After amplification and direct sequencing of the amplified fragments, two previously described mutations were identified among the nine studied MPS patients: mutation p.P533R, common in patients with MPS I, was detected in patient P1 (homozygous) and patient P2 (heterozygous); another mutation, frequent in MPS II patients (p.R468W), was identified only in patient P3. In addition, two common polymorphisms (p.V358M and p.V376M) were found in MPS VI patients.

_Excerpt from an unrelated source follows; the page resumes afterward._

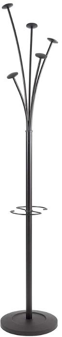 Description détailléePorte-manteau vertical Fabriqué en acier chromé de haute qualité Avec 5 crochets Avec porte-parapluie Couleur: noir

A significant decrease in relative urinary GAG concentration was observed in all patients with MPS I undergoing ERT when compared to baseline (Figure 1). In patient P1, the initial urinary GAG concentration of 76.38 mg GAG/mmol creatinine (single dosage) decreased to 12.34 ± 9.35 mg GAG/mmol creatinine at week 6, representing a reduction of approximately 84% (p < 0.001) in the urinary GAG excretion rate. This reduction became more evident in the subsequent weeks, reaching values of 10.20 ± 6.89 mg GAG/mmol creatinine (86% reduction) during week 12, and this level was maintained until the end of the analyzed period (48 weeks).

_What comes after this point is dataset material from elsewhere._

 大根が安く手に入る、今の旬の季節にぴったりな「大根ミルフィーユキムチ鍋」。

Patient P2 (MPS I) also presented a significant reduction in urinary GAG excretion after starting ERT. At baseline, the urinary GAG concentration was 17.27 mg GAG/mmol creatinine, and at week 6 this excretion was reduced to 9.17 ± 4.1, which corresponds to a 47% reduction (p < 0.05). However, at week 12, these values had oscillated, returning to higher levels (16.4 ± 7.6 mg GAG/mmol creatinine) decreasing again by weeks 18 and 24 (11.1 ± 7.2 and 4.3 ± 0.53 mg GAG/mmol creatinine, respectively). In this patient (P2), the urinary GAG concentrations could not be measured after week 24, because at that time his treatment was discontinued.
Patient P5 (MPS II) also presented a significant reduction in urinary GAG excretion after starting ERT. At baseline, the urinary concentration was 12.41 mg GAG/mmol creatinine, decreasing to 4.2 mg GAG/mmol creatinine by week 5, a reduction of approximately 66% (data not shown).
Patients with MPS VI also showed a significant reduction in their urinary GAG excretion during ERT (Figure 2). In patient P7, the mean value of urinary GAG excretion at baseline was 31.9 mg GAG/mmol creatinine. After starting ERT, this concentration had decreased to 6.17 ± 2.79 mg GAG/mmol creatinine by week 6, a reduction of approximately 81% (p < 0.01). This concentration remained stable until week 36, when a discrete but not significant (p > 0.05) increase was observed compared to baseline. Changes in urinary GAG concentration were also observed in patient P8, who presented a significant reduction of 88% (p < 0.01) at week 6 (3.16 ± 0.80 mg GAG/mmol creatinine) as compared to baseline (26.92 mg GAG/mmol creatinine).
In this study, we found two targeted mutations: p.P533R in two patients with MPS I, and p.R468W in one patient with MPS II. Moreover, two previously described polymorphisms (p.V358M and p.V376M) were detected in patients with MPS VI. None of the other investigated mutations were found.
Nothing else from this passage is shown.